#### [ABOUT THIS EXERCISE]
Your reply should reproduce each entry exactly and contain no pictures.

____ ENTRIES SUPPLIED

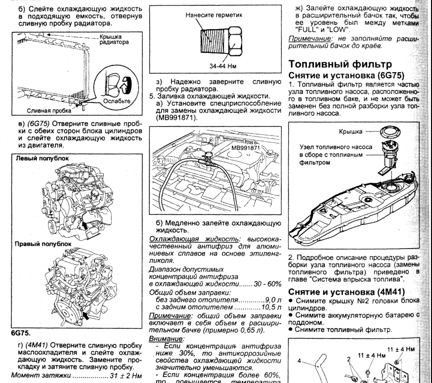 Остальное вроде как сидит в контуре заднего кондея, если я ничего не путаю.RUS72 писал(а):Поменял я антифриз, согласно руководства, которое опубликовал выше Андрей Лебедь (спасибо ему!). В общем ничего сложного нет. Вот только в Руководстве по эксплуатации написано, что объём охлаждающей жидкости 10,5л., а по факту вошло максимум 8л.
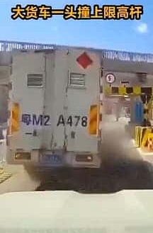 Un conducteur de fourgon oublie la hauteur du camion et va percuter une barrière. Celle ci stoppe l’engin et dans le crash, la porte arrière s’ouvre.
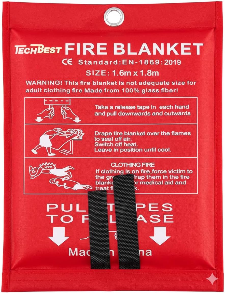 TechBest Löschdecke Küche Feuerlöschdecke (160 x 180) aus Glasfaser, DIN EN 1869:2019
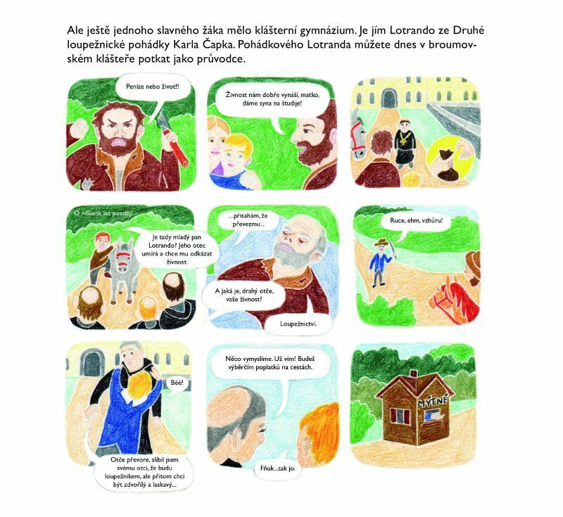 Osm bohatě ilustrovaných kapitol s prvky komiksu a jednou prostorovou ilustrací seznamuje čtenáře s jednotlivými etapami vývoje kláštera od jeho založení až po současnost. Hravá forma, pevný papír a barevná kroužková vazba činí publikaci přístupnou a zároveň odolnou i nejmladším čtenářům. Nejen oni, ale i jejich rodiče, se po začtení a zakoukání se do kouzelných ilustrací mohou dozvědět co je to škapulíř, kde bylo v broumovském klášteře ukryté Turínské plátno, nebo co musel překonávat Alois Jirásek, když chodil do školy.
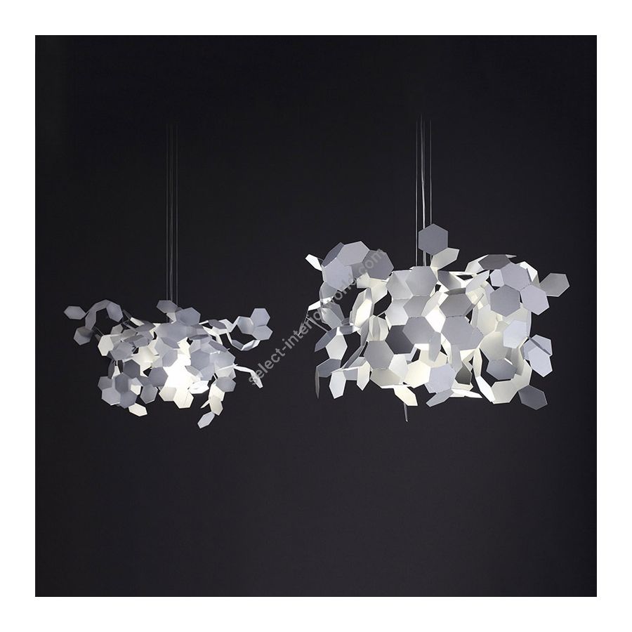 Available in a range of finishes, Andromeda seamlessly adapts to different interiors, from minimalist settings to more expressive environments. Its branch-like structure enhances the sense of organic movement, while the geometric panels diffuse light in a way that transforms the atmosphere of the room, making it both functional and visually captivating.

________

#### [TASK RESULT]
 Остальное вроде как сидит в контуре заднего кондея, если я ничего не путаю.RUS72 писал(а):Поменял я антифриз, согласно руководства, которое опубликовал выше Андрей Лебедь (спасибо ему!). В общем ничего сложного нет. Вот только в Руководстве по эксплуатации написано, что объём охлаждающей жидкости 10,5л., а по факту вошло максимум 8л.
 Un conducteur de fourgon oublie la hauteur du camion et va percuter une barrière. Celle ci stoppe l’engin et dans le crash, la porte arrière s’ouvre.
 TechBest Löschdecke Küche Feuerlöschdecke (160 x 180) aus Glasfaser, DIN EN 1869:2019
 Osm bohatě ilustrovaných kapitol s prvky komiksu a jednou prostorovou ilustrací seznamuje čtenáře s jednotlivými etapami vývoje kláštera od jeho založení až po současnost. Hravá forma, pevný papír a barevná kroužková vazba činí publikaci přístupnou a zároveň odolnou i nejmladším čtenářům. Nejen oni, ale i jejich rodiče, se po začtení a zakoukání se do kouzelných ilustrací mohou dozvědět co je to škapulíř, kde bylo v broumovském klášteře ukryté Turínské plátno, nebo co musel překonávat Alois Jirásek, když chodil do školy.
 Available in a range of finishes, Andromeda seamlessly adapts to different interiors, from minimalist settings to more expressive environments. Its branch-like structure enhances the sense of organic movement, while the geometric panels diffuse light in a way that transforms the atmosphere of the room, making it both functional and visually captivating.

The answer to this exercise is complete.